An Analysis of Memo Akten’s @WordOfMathBias
In 2016, as a part of the Google’s Artists & Machine Intelligence program, Memo Akten built two twitter bots [5]. While the first bot, @WordOfMath picks random words from a pre-trained Word2Vec model and looks at their relationships to each other the second bot, @WordOfMathBias was doing the same thing with a bit of a tweak [6] [7]. The second bot delves into a different realm of exploration, focusing on uncovering potential social biases ingrained within its training data, particularly those related to gender [1] [2]. This bot engages in a thought-provoking exercise, generating random word analogies featuring the words “man” and “woman”. It then tests these analogies in both directions, seeking to expose any inherent biases that may have seeped into the model’s understanding of these terms.
In the second half of the article Akten wrote about his works, before going further deep into the bot’s logic, he highlights the difference between learnt bias and machine bias [3]. Around the same time he did this research, two articles about the societal bias learnt by the models were made public [9] [10]. One important example that was the motivation of one of the articles was when we asked the AI to fill in the blank “doctor-father+mother” with an answer, it surprisingly said “nurse”. This is a sign that the AI has learned some old-fashioned ideas from its training data - ideas that say men are doctors and women are nurses.
“Unfortunately however, this is not entirely accurate.” says Akten [3]. When we ask the AI model questions like “king-man+woman”, it doesn’t always say “queen” is the answer. Usually, the closest word to the answer is one of the words we used in the question (like “king” or “man”). So, when we do this test, we ignore the original words that were asked and look at what the AI actually says. For example, when we ask “doctor-father+mother”, the AI doesn’t just say “nurse”. Instead, it says things like “doctor”, “nurse”, “doctors”, “physician”, or “dentist”. However since the implementation of the model was filtering out the word “doctor”, the second closest word “nurse” was coming out as a result. Akten continues as “It seems the human bias in interpreting results might be stronger than any bias that might be embedded in the experiment or model.” [3]
To explore more into the biases the training data may have without falling in the pitfalls we’ve mentioned above, Akten creates the second bot @WordOfMathBias which explores societal biases, particularly gender bias, by analyzing random word analogies featuring “man” and “woman” and testing both masculine and feminine associations to identify potential biases learned from the training data. After asking the word analogies, the bot tweets top 5 words that comes up. And this way, it reveals that the training data actually has societal bias embedded inside. The bot’s analysis reveals a gender bias embedded in the model, as the second-top result for “woman” is “nurse”, while for “man” it is “physician”, suggesting that the training data contains subtle but telling associations between professions and gender.
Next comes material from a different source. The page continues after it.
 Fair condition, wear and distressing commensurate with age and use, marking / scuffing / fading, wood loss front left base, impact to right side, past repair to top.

Akten wraps it up as suggesting using machine learning models and latent spaces using these models to interrogate our own perceptions and biases by manipulating uniform distributions into structured noise, akin to parametric Rorschach inkblot generators for various domains. And he concludes his final thoughts as “And then we can use the produced artifacts as starting points, as seeds that flower in our imagination, that we see things in, project meaning onto, create stories and invent narratives around, as we have done for millions of years.” [3]
References
[1] Akten, M. (2016). @WordOfMath (2016).
[2] Akten, M. (2016). @WordOfMathBias (2016).
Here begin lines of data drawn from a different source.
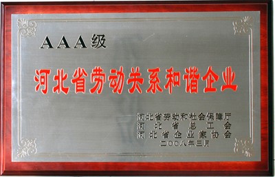 3月28日在河北會(huì)堂召開的“河北省創(chuàng)建勞動(dòng)關(guān)系和諧企業(yè)表彰會(huì)”上,我公司被授于“河北省AAA級(jí)勞動(dòng)關(guān)系和諧企業(yè)”。省委常委、省總工會(huì)主席藏勝業(yè)同志向公司董事長(zhǎng)韓立君同志頒發(fā)了獎(jiǎng)牌。
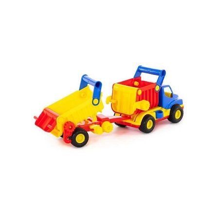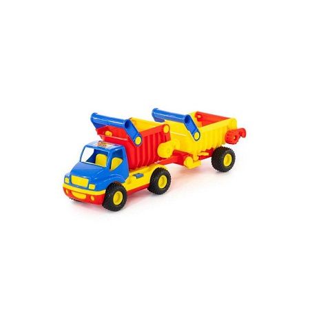 Datorita echipamentului cu elemente mobile jocul cu autobasculanta este foarte interesant atat acasa cat si la aer curat. Caracteristici - Basculanta este confectionata din material plastic robust. - Stimuleaza imaginatia micilor constructori dar si gandirea spatiala cat si jocurile de rol. - Bena camionului cat si cea a remorcii sunt basculabile dar dispun si de un opritor care impiedica bascularea neintentionata. - Benele dispun si de o usa batanta cu opritoare pe ambele parti. - Manerul robust din partea superioara a basculantei poate fi folosit atat pentru transportarea facila a masinii cat si pentru bascularea benei. - Remorca se ataseaza camionului prin carligul special conceput pentru acest lucru. - Rotile sunt din cauciuc moale amortizeaza socurile mai usor. - Dimensiuni masina Lxlxh 50x14x19 cm. - Nerecomandat copiilor cu varsta sub 3 ani. - Ambalaj plasa. Avertizare Produsul este nou si comercializat in ambalajul original al producatorului. Imaginile de pe acest site au caracter informativ. Produsul nu functioneaza cu baterii. Ambalajul trebuie indepartat recuperat si aruncat de catre un adult inainte de a se da spre utilizare copilului. Nu lasati ambalajele produselor la indemana copiilor. Se recomanda utilizarea produsului sub supravegherea unui adult. Produsul poate contine piese mici care se pot inghiti sau inhala de cei mici existand pericolul de sufocare sau nu este potrivita copiilor mai mici de 3 ani. Pastrati instructiunile si etichetele pentru referinte viitoare. Pastrati produsul departe de foc si nu il lasati in preajma temperaturilor ridicate si a umiditatii. Datorita masurarii manuale a produsului poate exista o diferenta minora fata de dimensiunea reala a produsului. Nerecomandat copiilor cu varsta mai mica de 3 aniSpecificatii
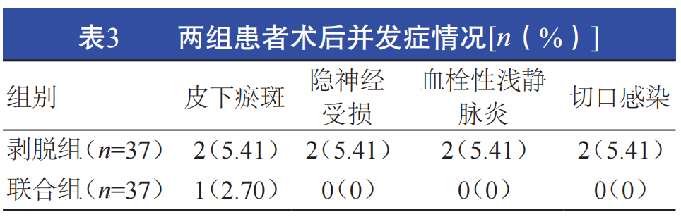 联合组患者术后并发症总发生率为2.70%(1/37),低于剥脱组患者的21.74%(8/37),差异有统计学意义(χ2=4.554,P=0.033)。(表3)
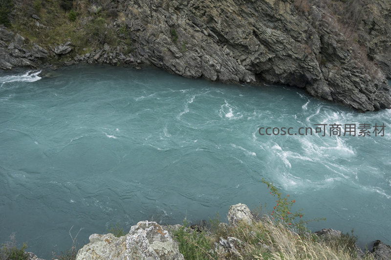清澈碧蓝的河水在嶙峋岩石间奔腾咆哮,激起层层白色浪花,展现出大自然原始而磅礴的力量与壮美。
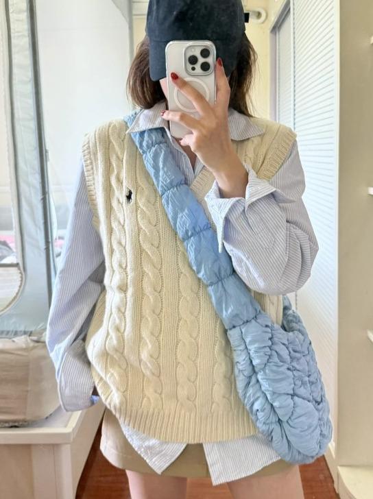 V 领刚好露锁骨,叠穿衬衫秒变“美式老钱风”,属于衣柜里怎么穿都不会翻车的那种
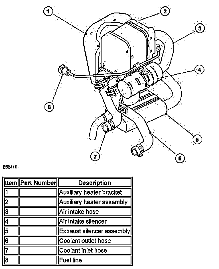 The auxiliary heater is located behind the left hand side of the front bumper and is accessed via the radiator splash shield.
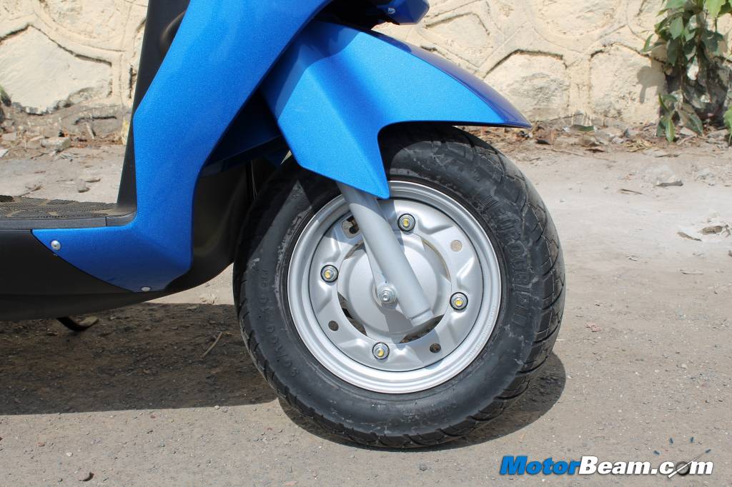 10-inch tyres get blunt steel wheels with the dimensions of the tyres being identical to its elder brother, the Swish
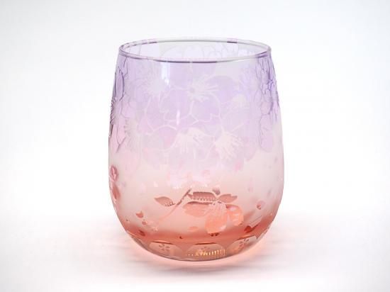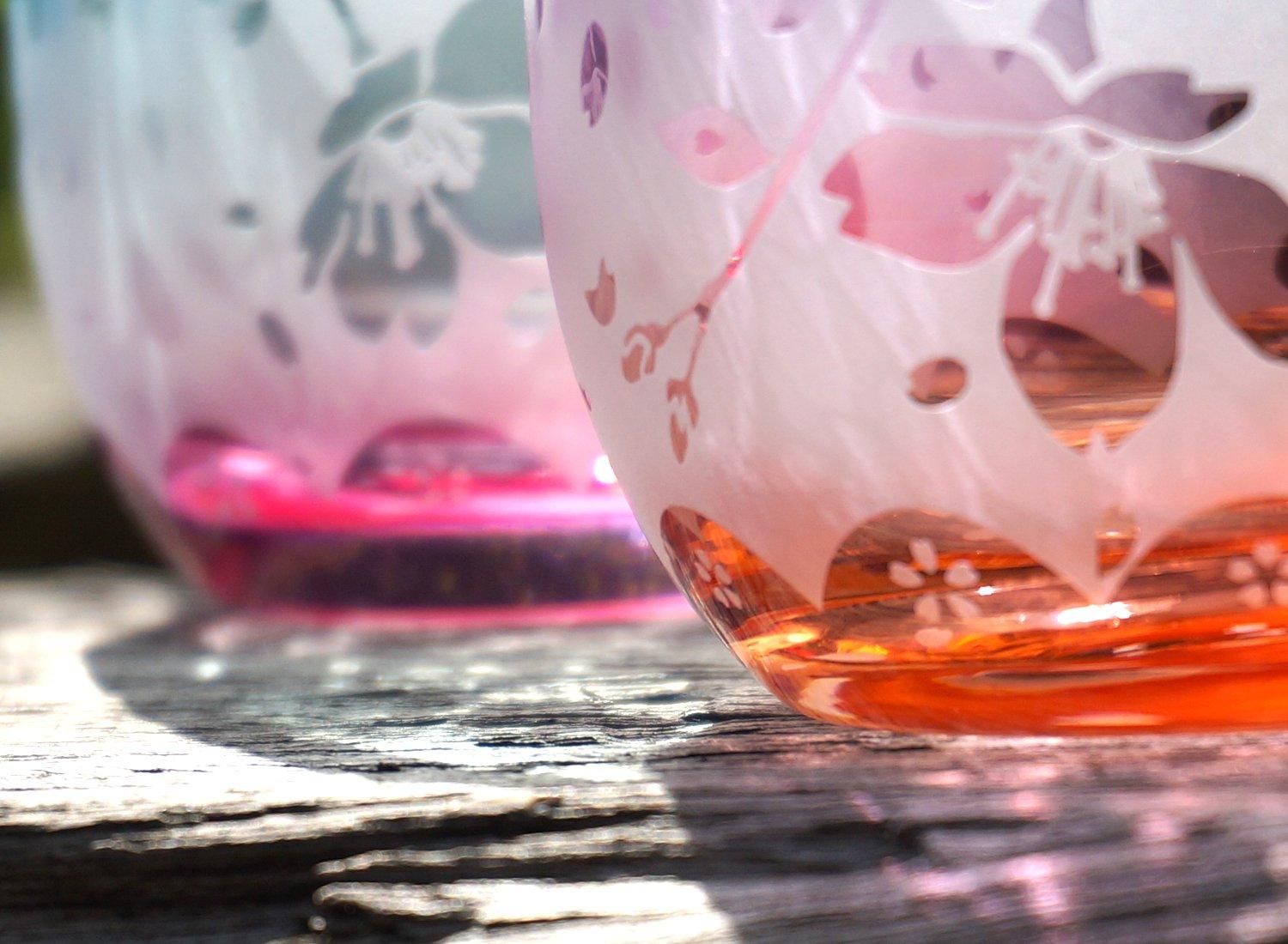 丸っこい形が特徴のロックグラスに、満開の桜と舞い散る花びらを彫刻しました。
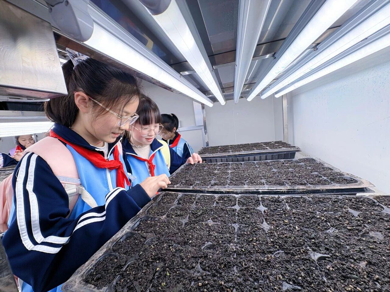 随后,孩子们走进育种室,开启更深入的探秘之旅。一排排整齐的育苗盘里,嫩绿的苎麻幼苗破土而出,纤细却挺拔,展现出生命最初的力量。从育苗基质的配置到温度湿度的调控,孩子们认真聆听、仔细记录、不时弯腰观察、小声交流——这正是学校办学理念“蒙以养正 格物致知”的真实实践,学生在亲历科学探究过程中初步形成科学观念,发展科学思维,提升探究实践能力。

[3] Akten, M. (2016). AMI Residency Part 1: Exploring (word) space, projecting meaning onto noise, learnt vs human bias.
[4] Mikolov, T., Chen, K., Corrado, G., & Dean, J. (2013). Efficient Estimation of Word Representations in Vector Space.
[5] ami.withgoogle.com
[6] twitter.com/wordofmath
[7] twitter.com/wordofmathbias
[8] Pennington, J., Socher, R., & Manning, C. (2014). Glove: Global Vectors for Word Representation.
[9] Bolukbasi, T., Chang, K., Zou, J., Saligrama, V., & Kalai, A. (2016). Man is to Computer Programmer as Woman is to Homemaker? Debiasing Word Embeddings.
[10] Bolukbasi, T., Chang, K., Zou, J. Y., Saligrama, V., & Kalai, A. T. (2016). Quantifying and Reducing Stereotypes in Word Embeddings.